Lula da Silva foi condenado a nove anos de prisão e 19 de interdição de concorrer a cargos políticos, o que garante o maior objetivo dos que se lhe opõem: impedi-lo de concorrer às eleições presidenciais do próximo ano, para as quais é claro favorito. Segundo uma sondagem da Datafolha terá 30%, o candidato de extrema-direita Jair Bolsonaro (que agrega os mais ativos apoiantes da conduta do juiz Sérgio Moro) 16% e Marina Silva 15%.

 

Tudo, neste processo, é absurdo. Pelo menos para nós. Desde ver quem investiga e acusa a julgar, até ao estranho comportamento do juiz. Em quantos países com um Estado de Direito a funcionar plenamente um juiz que tenha nas mãos um processo como o Lava-Jato grava um VÍDEO para agradecer aos fãs o apoio que lhe têm dado e assim celebrar um ano da página de Facebook criada pela MULHER para receber apoios e solidariedade? O que revela isto de um magistrado?
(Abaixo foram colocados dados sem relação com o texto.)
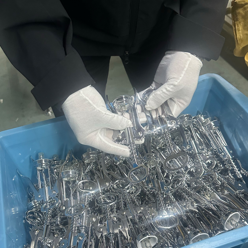 Los recubrimientos de todos los componentes del sacacorchos suelen utilizar métodos de galvanoplastia o pintura; para este ejemplo, nos centraremos en la galvanoplastia. El procesamiento de galvanoplastia lo completa un proveedor subcontratado, lo que requiere instalaciones, equipos e ingenieros industriales altamente especializados con años de experiencia en su campo, junto con numerosos técnicos básicos y trabajadores experimentados. Es un proceso muy complejo. Mantenemos una cooperación a largo plazo con proveedores que tienen 30 años de experiencia en la industria, lo que garantiza la estabilidad del producto. Esto también garantiza que los diversos problemas de producción que surgen durante la fabricación puedan abordarse de forma rápida, profesional y eficiente. Estos acuerdos ayudan a garantizar los ciclos de producción de artículos como accesorios para vino, utensilios de cocina y sacacorchos, al tiempo que respaldan los planes de ventas de los clientes.

O vídeo foi, aliás, reproduzido esta semana pela popular página “JUIZ SÉRGIO MORO O BRASIL ESTÁ COM VOCÊ”, que vale a pena visitar. Com mais de um milhão de seguidores, o que dá bem o retrato dos mais ferozes apoiantes do magistrado, por lá se defende a ilegalização dos sindicatos, a exigência de que só pessoas com formação superior possam ser eleitas para o Congresso e a pena de morte para corruptos. A página não é do juiz mas dá um bom retrato do movimento antidemocrático que rodeia todo este processo.

Mas hoje não me quero dedicar à leitura política deste caso. Prefiro ficar pela SENTENÇA que condenou Lula da Silva. Ela é penosa de ler. Dói de tão mal escrita, confusa e desorganizada. Uma boa parte é dedicada à sua própria defesa, o que é natural para um juiz que se envolveu mais num combate político do que na administração da justiça. Até se permite fazer elogios ao governo do PT, por este ter criado instrumentos para a perseguição da justiça, como se uma sentença fosse um artigo de opinião política. Ao ler esta sentença percebe-se que falta a alguns magistrados a maturidade e seriedade para os usar para os fins que existem. Lula é condenado por corrupção passiva e lavagem de dinheiro, no âmbito de um processo em que estava acusado de ter beneficiado a OAS em contratos com a Petrobras, recebendo um apartamento triplex remodelado na praia do Guarujá, no estado de São Paulo.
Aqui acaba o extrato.